Deep learning for mammography: Improving accuracy and productivity in breast cancer diagnosis.

Mia (previously Mammo1) is deep-learning-based software designed to help radiologists and breast screening programmes. It uses convolutional neural networks to scan Full Field Digital Mammograms (FFDM), to identify patterns indicating cancer in a case-wise manner, offering a recall suggestion and highlighting the areas on which the decision is based. It can serve as a second or third reader, in triaging (making priority lists by detecting the most potentially malignant cases) and as a quality assessment tool.
The Phase I H2020 SME Instrument helped us to assess technical, commercial and financial aspects to ensure market uptake; study IP protection, research our freedom-to-operate; and identify potential risks we may encounter during development, commercialisation and system scale-up, and design mitigation measures.

Mia’s prototype has already been tested in a retrospective clinical study, validated externally. This demonstrated sensitivity and specificity of 90% and 89% respectively.
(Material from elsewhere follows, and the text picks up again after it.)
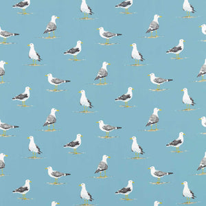 Friendly seagulls perch in the sand on this charming 100% cotton fabric. Originally created with thick layers of gouache paint to give a stylised, brushstroke texture, this design is available in four gentle colourways. Bring the seaside into any room of your home and team with the wallpaper of the same name.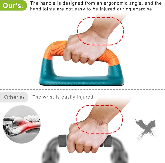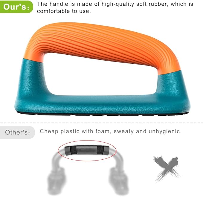 • ✅Comfortable Handle: The handles of push-ups are made of high-quality soft plastic, protect your hands, it’s not easy to get calluses. The diameter is 1 3/5 inch, and the grip is comfortable and ergonomic.

These results surpass those of the best known competitors and led to successful awarding of the CE Mark class IIa for Medical Devices, and winning ‘Best New Radiology Software’ as awarded by the radiology community Aunt Minnie.
Mia can achieve robust generalisability across all major mammography hardware vendors and global screening settings.
We have investigated the requirements to integrate our software into hospital workflows and designed two deployment architectures, on-site and cloud-based solutions, to cover all options while ensuring security requirements are met.
To assess Mia’s generalisability, integration and accuracy we aim to perform prospective clinical trials. Several European hospitals are already interested in participating.

Mia’s performance surpasses previous Computer-Assisted Diagnosis (CAD) solutions and the average single-reading radiologist. Designed to act as a second reader in blinded double-read settings with arbitration, reduces up to 50% in workload and manpower costs, while maintaining the low recall rates expected in population-based screening programmes. Additionally, Mia can help prioritise potentially malignant cases prior to review, improving speed of diagnosis. The wider implication is that nation-wide screening programmes suffering from the current breast screening workforce crisis will have the opportunity to provide high quality, fast and accurate screening for any woman, anywhere, with reduced geographic variability in outcomes.